**Task material:**
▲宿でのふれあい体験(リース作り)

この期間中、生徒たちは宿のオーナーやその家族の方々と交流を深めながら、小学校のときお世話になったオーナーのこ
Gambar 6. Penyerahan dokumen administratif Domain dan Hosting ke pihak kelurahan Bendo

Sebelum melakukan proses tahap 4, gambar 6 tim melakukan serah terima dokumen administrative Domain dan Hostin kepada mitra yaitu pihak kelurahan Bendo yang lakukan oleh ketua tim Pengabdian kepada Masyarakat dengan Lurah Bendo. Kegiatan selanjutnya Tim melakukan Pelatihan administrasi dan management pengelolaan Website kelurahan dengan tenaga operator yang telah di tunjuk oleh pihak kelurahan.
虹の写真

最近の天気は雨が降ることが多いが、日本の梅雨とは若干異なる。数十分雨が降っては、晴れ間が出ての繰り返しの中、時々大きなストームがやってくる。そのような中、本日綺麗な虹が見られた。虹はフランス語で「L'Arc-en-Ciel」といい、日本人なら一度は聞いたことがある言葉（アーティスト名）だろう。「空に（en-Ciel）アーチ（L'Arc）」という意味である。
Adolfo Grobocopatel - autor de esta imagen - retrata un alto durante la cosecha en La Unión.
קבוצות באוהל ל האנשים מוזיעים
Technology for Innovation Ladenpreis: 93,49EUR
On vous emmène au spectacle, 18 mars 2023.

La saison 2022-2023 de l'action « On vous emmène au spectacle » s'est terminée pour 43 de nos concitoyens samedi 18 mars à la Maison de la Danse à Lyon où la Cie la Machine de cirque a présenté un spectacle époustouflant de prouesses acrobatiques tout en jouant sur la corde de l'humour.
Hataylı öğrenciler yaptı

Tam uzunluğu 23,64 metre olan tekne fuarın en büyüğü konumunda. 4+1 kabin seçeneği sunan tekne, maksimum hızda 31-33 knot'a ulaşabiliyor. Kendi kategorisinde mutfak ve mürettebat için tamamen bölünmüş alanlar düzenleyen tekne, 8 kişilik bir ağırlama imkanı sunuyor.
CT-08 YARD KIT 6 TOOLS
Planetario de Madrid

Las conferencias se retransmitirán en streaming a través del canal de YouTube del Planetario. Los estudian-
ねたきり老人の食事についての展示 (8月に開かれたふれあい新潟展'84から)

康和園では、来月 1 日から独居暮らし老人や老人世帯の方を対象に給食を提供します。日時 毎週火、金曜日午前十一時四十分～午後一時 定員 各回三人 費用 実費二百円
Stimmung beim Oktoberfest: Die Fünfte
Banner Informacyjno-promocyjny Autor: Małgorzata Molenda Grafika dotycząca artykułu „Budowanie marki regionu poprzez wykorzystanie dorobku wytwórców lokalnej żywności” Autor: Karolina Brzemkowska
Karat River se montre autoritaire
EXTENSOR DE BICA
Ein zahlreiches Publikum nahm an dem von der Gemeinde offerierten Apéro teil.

* * *

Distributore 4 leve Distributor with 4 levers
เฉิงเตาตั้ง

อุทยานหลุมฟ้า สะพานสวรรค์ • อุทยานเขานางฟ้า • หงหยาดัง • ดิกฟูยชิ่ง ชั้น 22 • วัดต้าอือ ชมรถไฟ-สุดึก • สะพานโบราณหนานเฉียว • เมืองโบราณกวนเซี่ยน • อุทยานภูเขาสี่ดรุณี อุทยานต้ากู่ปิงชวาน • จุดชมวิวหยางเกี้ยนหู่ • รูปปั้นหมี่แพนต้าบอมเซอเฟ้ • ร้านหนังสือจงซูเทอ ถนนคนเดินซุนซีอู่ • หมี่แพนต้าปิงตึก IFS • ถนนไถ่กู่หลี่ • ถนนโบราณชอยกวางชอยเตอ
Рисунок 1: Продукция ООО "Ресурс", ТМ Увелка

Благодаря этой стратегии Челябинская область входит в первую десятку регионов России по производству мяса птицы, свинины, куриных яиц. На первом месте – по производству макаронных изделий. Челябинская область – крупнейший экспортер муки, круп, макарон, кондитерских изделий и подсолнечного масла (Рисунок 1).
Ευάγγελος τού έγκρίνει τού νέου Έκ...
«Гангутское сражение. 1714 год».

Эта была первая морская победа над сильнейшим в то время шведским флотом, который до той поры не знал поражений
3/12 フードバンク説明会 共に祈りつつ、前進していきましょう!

**Your task:**
From the material above, retype precisely the lines between the line holding "最近の天気は雨が降ることが多" and the line holding "On vous emmène au spectacle, 18 mars 2023.", inclusive, and nothing beyond them.

**Completed exercise:**
最近の天気は雨が降ることが多いが、日本の梅雨とは若干異なる。数十分雨が降っては、晴れ間が出ての繰り返しの中、時々大きなストームがやってくる。そのような中、本日綺麗な虹が見られた。虹はフランス語で「L'Arc-en-Ciel」といい、日本人なら一度は聞いたことがある言葉（アーティスト名）だろう。「空に（en-Ciel）アーチ（L'Arc）」という意味である。
Adolfo Grobocopatel - autor de esta imagen - retrata un alto durante la cosecha en La Unión.
קבוצות באוהל ל האנשים מוזיעים
Technology for Innovation Ladenpreis: 93,49EUR
On vous emmène au spectacle, 18 mars 2023.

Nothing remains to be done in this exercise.